Today things are a lot different. Enrollment has increased 200 percent with an average of 100 students per year. Female student enrollment has increased by 40 percent and their vocational preference is shifting. The center has seen an increase in female interest towards studying plumbing, masonry; and electrical wiring courses. These huge gains are a direct result of the Behavior Change Campaign spearheaded by the K-YES Program.
“As a result of the campaigns, we have managed to combat the stigma surrounding vocational training,” said Kepha Nyamwembe, the manager of the training center.
“Initially, many students viewed vocational training with much disdain. They regarded the institutions as a place for failures. So far, our collaboration with K-YES is bearing fruits.”
The center is among many others in counties with a K-YES presence that completed the campaign on how to change the perception towards vocational training and increase enrollment.
The training revolves around branding and messaging that helps to alleviate the stigma that surrounds vocational training, and best practices of how to package and disseminate content.
For example, before the campaign the center did not have any signs placed in strategic places. It had invested less in IEC materials (banners, calendars and brochures) and did not have a presence online.
Three years after the campaign began, the results are tangible.
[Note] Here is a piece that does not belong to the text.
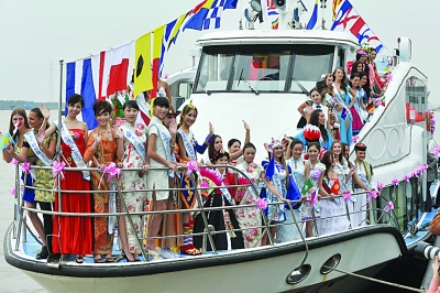 即將參加南京“名城會”全球生態(tài)小姐世界大會頒獎的62個國家和地區(qū)的佳麗們,登上游輪成為創(chuàng)新旅游路線的第一批游客。 劉 瀏 攝
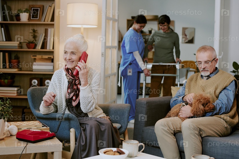 Старшая женщина разговаривает по телефону, в то время как старший мужчина ласкает собаку внутри

The center has invested in appropriate signage, produced and disseminated quality IEC materials, developed a website and implemented behavior change through key messaging aimed at demystifying vocational training.
The center is also among 17 other institutions that received a grant of over $300,000 for the acquisition of learning materials and preparation of a strategic plan. The institution has also previously benefited from a one-million-dollar donation from RTI International that led to renovations for better learning.